Segment Start: DATASET

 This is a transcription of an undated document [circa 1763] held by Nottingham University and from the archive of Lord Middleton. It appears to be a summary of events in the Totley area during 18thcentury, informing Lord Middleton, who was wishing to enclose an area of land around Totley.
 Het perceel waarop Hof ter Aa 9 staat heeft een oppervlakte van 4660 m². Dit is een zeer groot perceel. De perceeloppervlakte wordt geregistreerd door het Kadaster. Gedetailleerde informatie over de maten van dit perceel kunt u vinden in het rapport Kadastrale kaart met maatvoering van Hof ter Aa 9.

Segment End: DATASET
Segment Start: DATASET

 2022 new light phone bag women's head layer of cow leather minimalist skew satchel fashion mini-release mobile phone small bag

Segment End: DATASET
Segment Start: DATASET

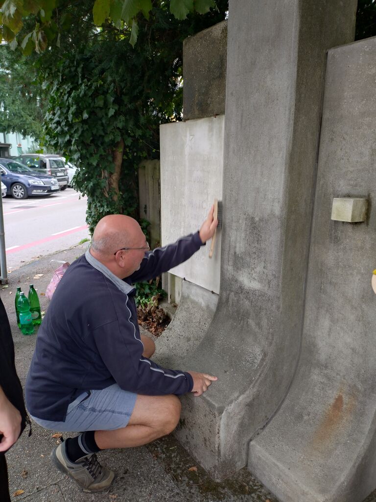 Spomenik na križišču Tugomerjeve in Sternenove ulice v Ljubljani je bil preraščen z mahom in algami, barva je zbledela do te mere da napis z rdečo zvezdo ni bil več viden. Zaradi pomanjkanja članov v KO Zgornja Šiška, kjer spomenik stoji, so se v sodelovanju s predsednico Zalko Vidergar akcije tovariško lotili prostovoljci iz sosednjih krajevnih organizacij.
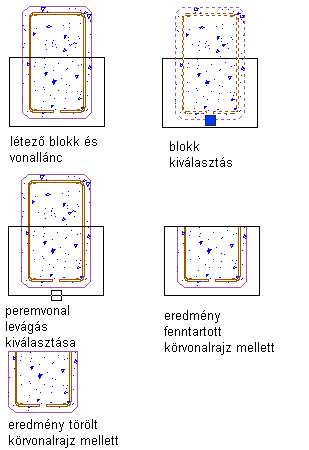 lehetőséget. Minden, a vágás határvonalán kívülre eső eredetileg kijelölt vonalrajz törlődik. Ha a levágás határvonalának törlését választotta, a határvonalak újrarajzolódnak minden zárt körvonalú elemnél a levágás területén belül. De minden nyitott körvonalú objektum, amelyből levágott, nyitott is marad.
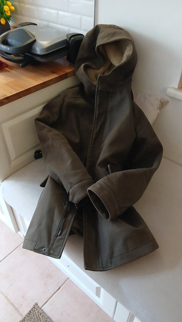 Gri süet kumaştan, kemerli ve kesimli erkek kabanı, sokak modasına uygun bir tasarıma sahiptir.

Segment End: DATASET

> _PROBLEM DETAILS_
Above are the records; copy from them only the lines starting at the one containing "lehetőséget. Minden, a" and ending at the one containing "Gri süet kumaştan, kemerli", exactly and without pictures.

> _COMPLETED TASK_
 lehetőséget. Minden, a vágás határvonalán kívülre eső eredetileg kijelölt vonalrajz törlődik. Ha a levágás határvonalának törlését választotta, a határvonalak újrarajzolódnak minden zárt körvonalú elemnél a levágás területén belül. De minden nyitott körvonalú objektum, amelyből levágott, nyitott is marad.
 Gri süet kumaştan, kemerli ve kesimli erkek kabanı, sokak modasına uygun bir tasarıma sahiptir.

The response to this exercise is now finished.